A little over a decade ago, the actor Matt Dillon was at a friend’s apartment when he started doodling with crayons left out for children. Soon, his kitchen counter had become a workshop. By 2016, he was renting a studio to paint in. Despite having little formal training himself, Dillon grew up in an artistic family (his father and grandmother were portrait painters and his great-uncle created Flash Gordon) and inherited a love for image-making.
Dillon’s style that has emerged in a steady clip of gallery exhibitions in recent years is spontaneous, textured, and gestural. He paints bold, flat works marked with mercurial figures, recurring symbols, and unexplained words. When on set and away from the studio, Dillon makes do with what’s at hand, lathering acrylic on loose paper and repurposed notebooks. The practice is on show in his first solo show at The Journal Gallery in New York, “Porto Novo to Abomey,” which opens April 24.
Installation view of “Porto Novo to Abomey.” Photo: courtesy The Journal Gallery/Guang Xu.
The series of paintings was born while Dillon was in Senegal for Claire Denis’s The Fence (2025) in which he played Horn, an embattled American who is overseeing a controversial construction project in an unnamed West African country. After filming, he travelled through Benin encountering textiles, architectures, landscapes, and people that proved rich source material. The show’s title traces the 100-mile journey inland from the country’s modern-day capital to the center of the Kingdom of Dahomey. Back in New York, he scrawled the place names on a piece of black Masonite, which has been installed in the gallery’s window.
Matt Dillon, Porto Novo to Abomey (2026). Photo courtesy the artist and The Journal Gallery.
“It’s not meant to be a literal description of the work or place, but rather the feeling behind the work,” the gallery’s co-founder, Michael Nevin, said over email.
That feeling is one of lingering images being flattened and cast loosely in paint. An ungainly cat in flight rendered in stark black outline, a stack of luminous orange cinderblocks against a wall, the sea in green and laid on a weathered pink background. One work centers on voodoo, which partly originated in the Kingdom of Dahomey, layering mask and tools on lined notepad paper.
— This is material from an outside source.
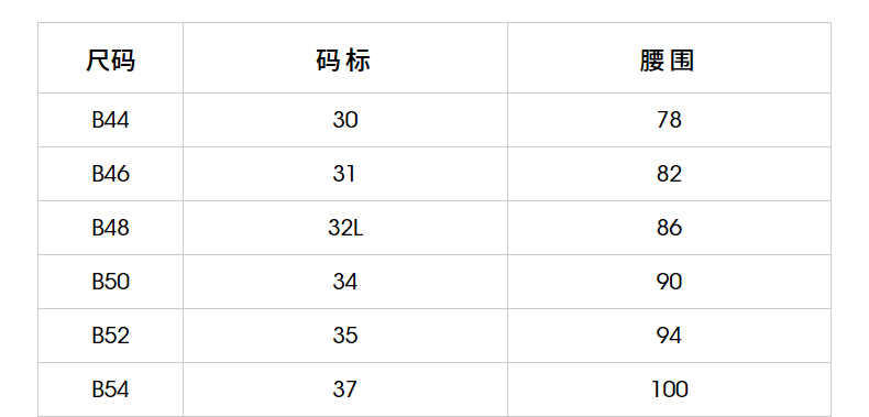 USA(inch) 28-30 30-32 32-34 34-38 38-42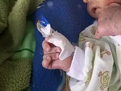 Trisomy 18, also known as Edwards syndrome, is a genetic disorder caused by the presence of a third copy of all or part of chromosome 18.[3] Many parts of the body are affected.[3] Babies are often born small and have heart defects.[3] Other features include a small head, small jaw, clenched fists with overlapping fingers, and severe intellectual disability.

Another two are named Coastal Landscape: the first offers a block of black for sea and sand with tree branches hanging like teeth, while the second shapes an uneasy and haggard figure. Intentional or otherwise, it’s hard not to think of the untold millions who departed the coastline enslaved.
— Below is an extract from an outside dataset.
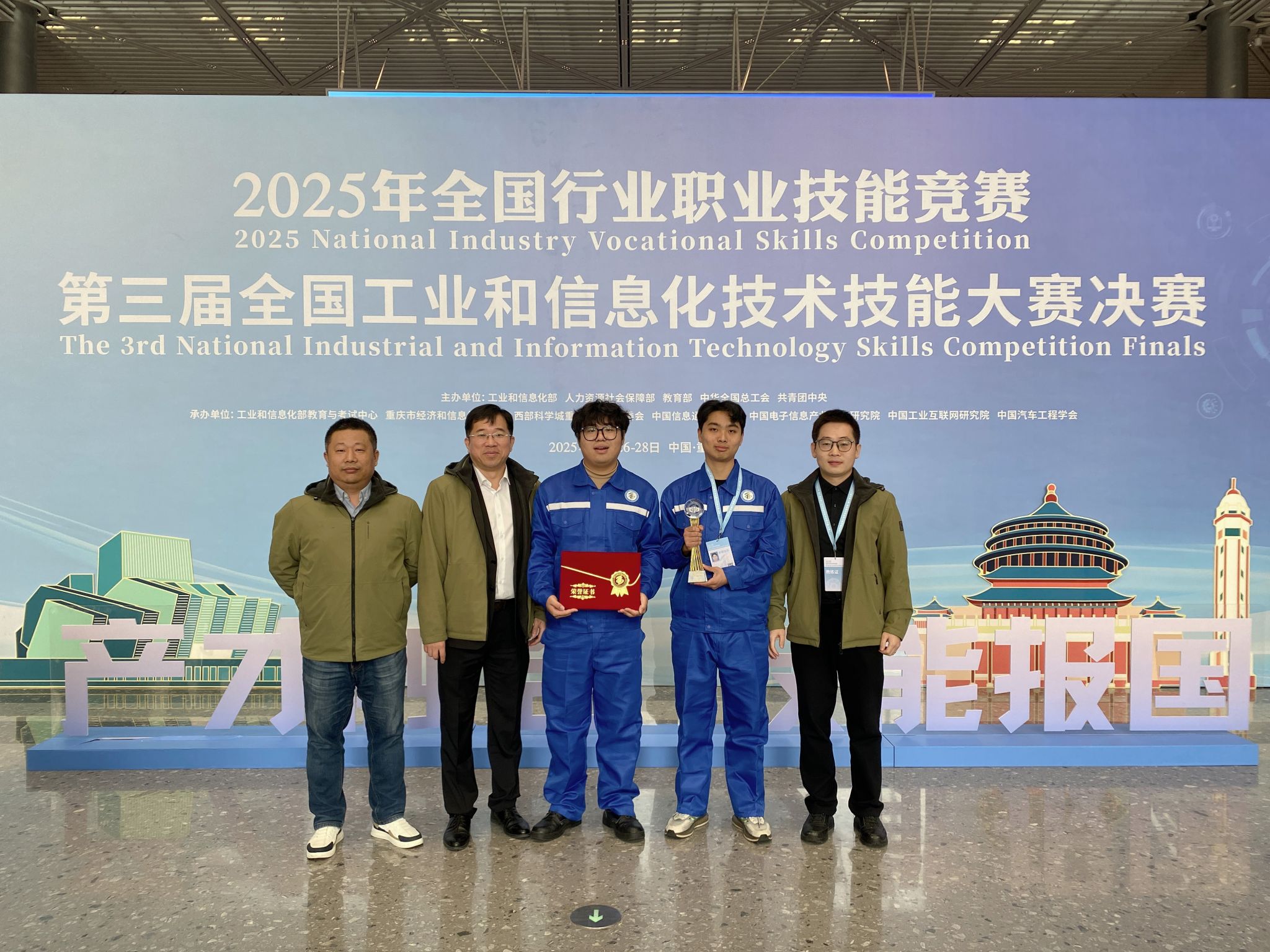 11月26日至28日,由工业和信息化部、人力资源社会保障部、教育部等五部门联合主办的第三届全国工业和信息化技术技能大赛决赛在重庆举行。我校汽车与交通工程学院张鹏博老师指导的付豪(创新班)与印佳锴(汽车制造与试验专业)在智能硬件装调员(智能网联新能源汽车)赛项中获得一等奖,取得历史性突破。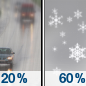 Temperature: 21°F Wind Speed: 7 to 10 mph Wind Direction: W Forecast: Scattered snow showers before 7pm, then snow likely. Mostly cloudy, with a low around 21. Chance of precipitation is 70%. |

Matt Dillon, Untitled (2025). Photo courtesy of The Journal Gallery.
Previously, Dillon’s relationship to this part of the world has largely come through music. He’s studied rumba and guaguancó, boasts a vast collection of Afro-Cuban records, and made El Gran Fellove (2020), a documentary about Francisco Fellove, a pioneer who combined Afro-Cuban rhythms with jazz in the 1950s. Nevin said this background ultimately inspired and guided Dillon’s road-trip through Benin.
“Matt is always drawing, collaging, collecting, writing on the road. He will pick up found textbooks or old newspapers to be repurposed as sketchbooks,” Julia Dippelhofer, the gallery’s other co-founder said. “He is like a sponge and a great storyteller.”
“Matt Dillon: Porto Novo to Abomey” is on view at The Journal Gallery, 45 White Street, New York, April 24–May 23.